In this guest post, Sian Basker, Digital Knowledge Development Manager at Action for Blind People, looks at the charitable sector’s use of the Intranet.
Is your intranet a hive of creative activity? A hotbed of innovative ideas, collaboration and communication? Or is it a dull and unloved wasteland of policy documents, expense forms and out of date staff news?
The humble Intranet, often managed as a back office function by HR or internal comms, is being quietly reinvented . Rising from the ashes of the recession, the latest Intranet developments offer new hope and transformational opportunities for charities.
Spending on a new Intranet might seem self-indulgent, politically insensitive, and frankly unaffordable in these lean times. Yet in the face of diminished human and financial resources, enabling people and teams to work at their very best is crucial.
The current zeitgeist, of ‘openness’, ‘sharing’ and ‘collaboration’, means smart organisations are looking to harness knowledge, skills and creativity across traditional hierarchies, geographies and territorial boundaries. The expectation on technology is well beyond simple ‘efficiency-savings’. Access, ‘anytime, anywhere’, to people, information, and systems in an engaging, social, interactive, and media-rich environment are all possible. Translating all that into being more ‘effective’ and ‘increasing impact’ is where the real challenge lies.
Emphasis on volunteering, partnership, and maximising staff/resource efficiency are common themes of many post-recession business plans. And of course, mobile, dispersed and flexible working are on the increase but it’s an organisation’s ability to embrace and drive cultural change that makes the difference.
The plethora of emerging Intranet solutions and collaborative working tools can be daunting and difficult to compare. Document management, professional profiling, virtual project spaces, learning zones, conferencing, discussion and hot surveys sit alongside video entertainment from colleagues and a range of fun and ‘social’ tools. You’d be forgiven for wanting to run for the past – the simple days of a desk, phone, pen and paper, filing cabinet and, if you were quite tech-savvy, a rolodex!

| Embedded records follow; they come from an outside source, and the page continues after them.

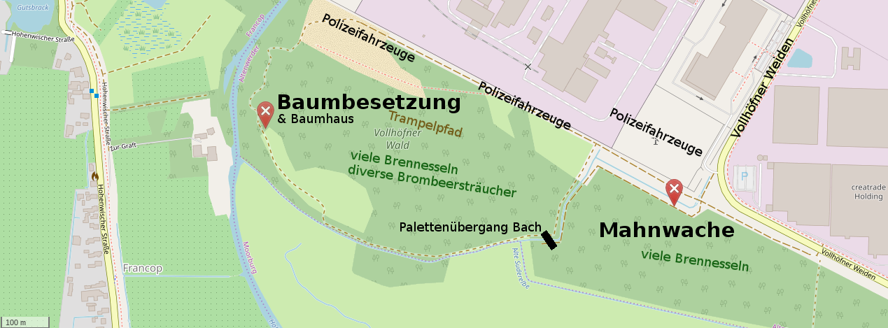 Die Polizei lässt Menschen auf dem Hauptweg nicht durch, allerdings ist es möglich sich auf wenigen Trampelpfaden und quer durch Brennesseln durch den gesamten Wald zu bewegen.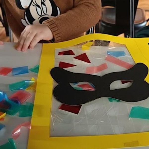 Un laboratorio creativo per immergersi nell'allegria del Carnevale e scoprire come i colori possono trasformarsi grazie alla luce. Insieme ai loro genitori, bambini e bambine daranno vita a un'opera speciale, accostando sagome festose e tonalità vivaci in un gioco di trasparenze e sovrapposizioni. Ogni famiglia realizzerà un quadro magico da appendere alla finestra di casa: una decorazione coloratissima che, catturando i raggi del sole, proietterà riflessi incantati nella stanza, portando tutto lo spirito del Carnevale tra le mura domestiche.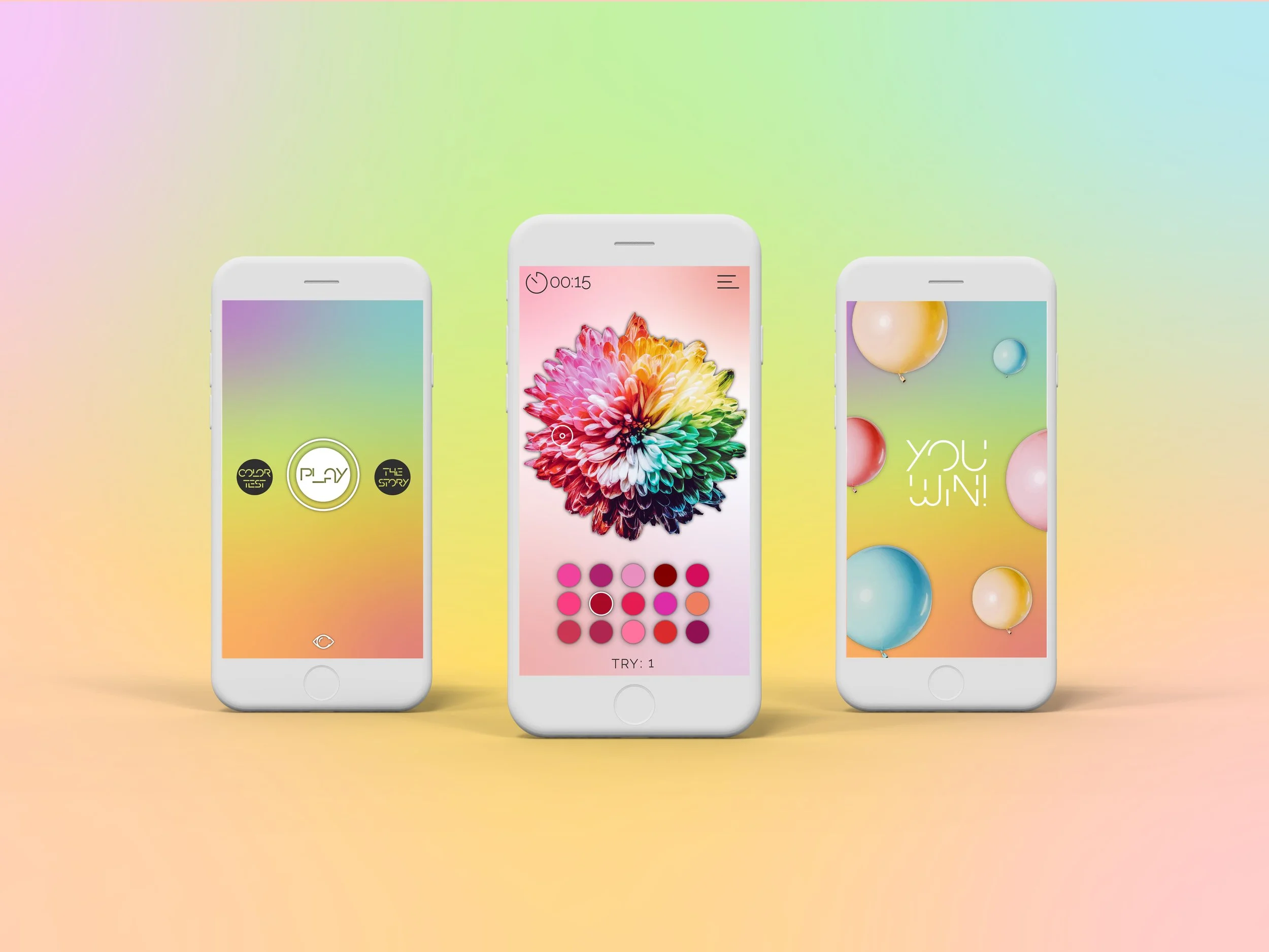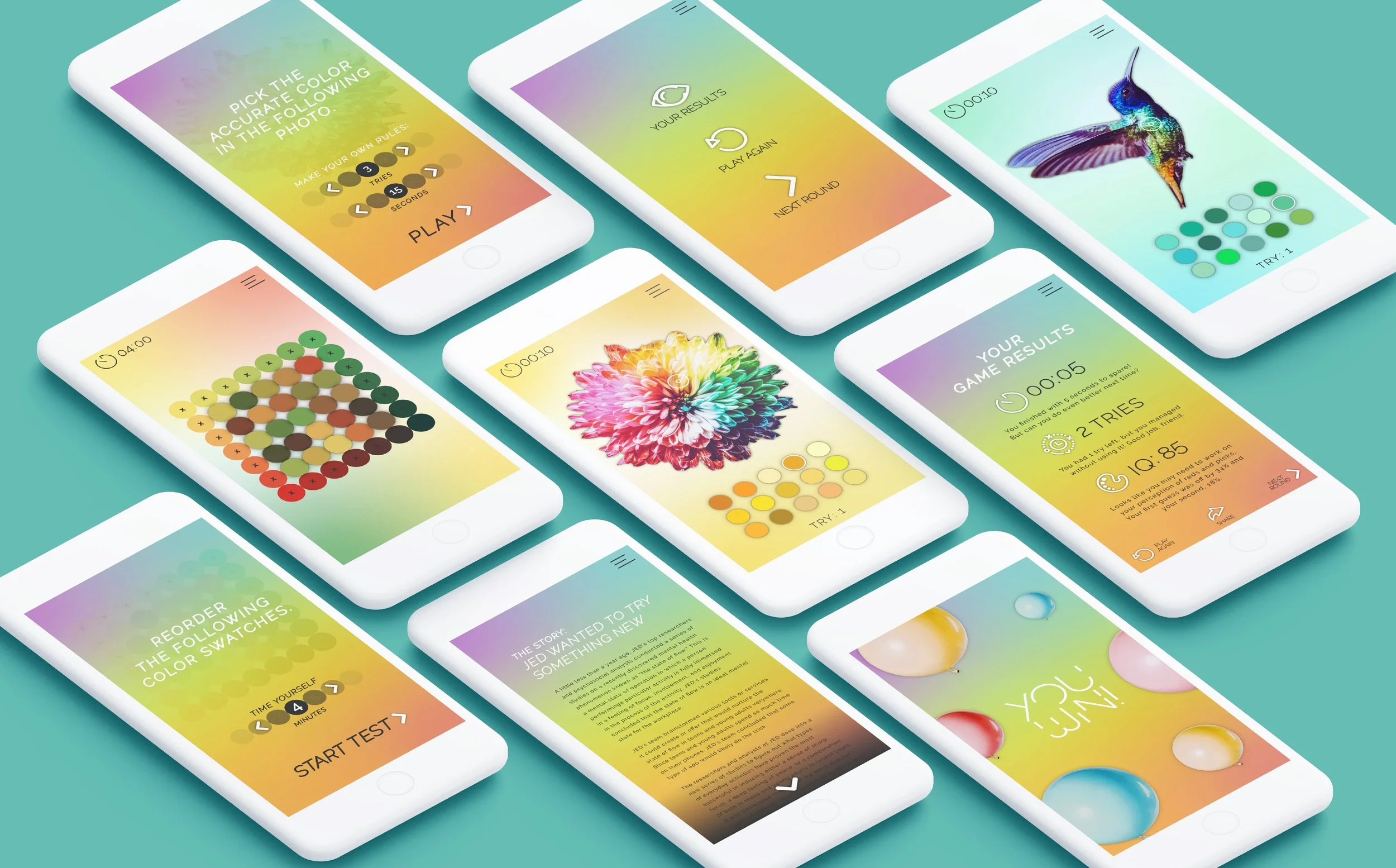The Jed Foundation, dedicated to protecting mental health for teens and young adults, conducted a study on the “state of flow”—a mental state of intense focus and productivity. Their research found that taking breaks from work to play a creative mobile game could help young adults maintain this state. The game needed to be engaging, challenging, and fun. My task was to design that game. I created a dynamic color-based app focused on exercising and improving color vision.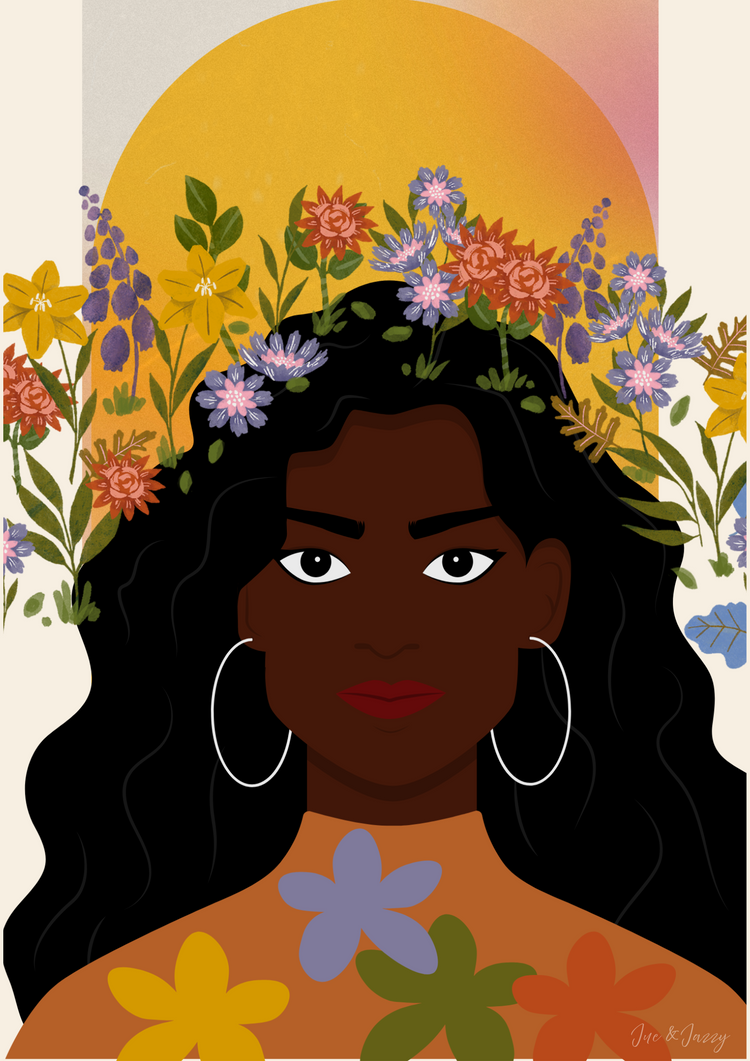 Featuring warm earth tones, bold floral details, and a modern illustrative style, it captures the essence of radiance, resilience, and natural beauty.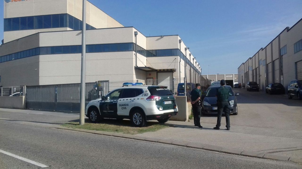 Dos dotaciones de la Guardia Civil controlan desde las dos de la tarde del miércoles las entradas de la imprenta Indugraf en el polígono industrial de Constantí (Tarragona) y registran los coches de los empleados cuando salen. También han registrado al servicio de limpieza de esta imprenta, una de las mayores de la provincia que, entre sus clientes, constan publicaciones escritas y partidos políticos.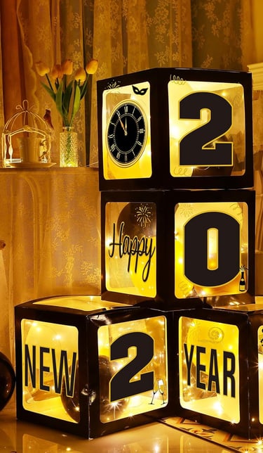 Black and Gold White Balloons 4Pcs Boxes Letters Numbers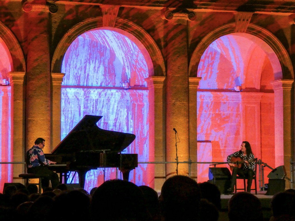 Un magnífico broche de oro para un 58º Festival de Flamenco y Danza de Almería que alzó el telón el 26 de junio y que ha venido desarrollando desde entonces con más de una decena de actividades durante cuatro fines de semana. Michel Camilo & Tomatito volvían a Almería donde, el origen manda, siempre se les ha tenido un cariño especial a su fusión. Pero no solo por Tomatito, porque lo cierto es que el público almeriense ha sabido entender la magistral forma de interpretar y navegar por la música de Michel Camilo, feliz siempre cuando visita ‘la casa’ del guitarrista almeriense. Para el concierto de anoche en el Claustro de la Catedral las entradas estaban agotadas desde hacía más de dos semanas. Adelante. (FOTOS: Patricia Domínguez – Rojo Sostenido)

And yet, these new tools offer exciting opportunities for new ways of working. An intranet or extranet may not be necessary for every organisation (indeed the terms themselves might even be becoming outdated?). Small organisations can pull together a few off the shelf tools and be up and running in the cloud relatively cheaply within hours. Many larger and more complex charities, are on a quest for the perfect Intranet, the beating ‘digital heart’ of an organisation, is it the holy grail?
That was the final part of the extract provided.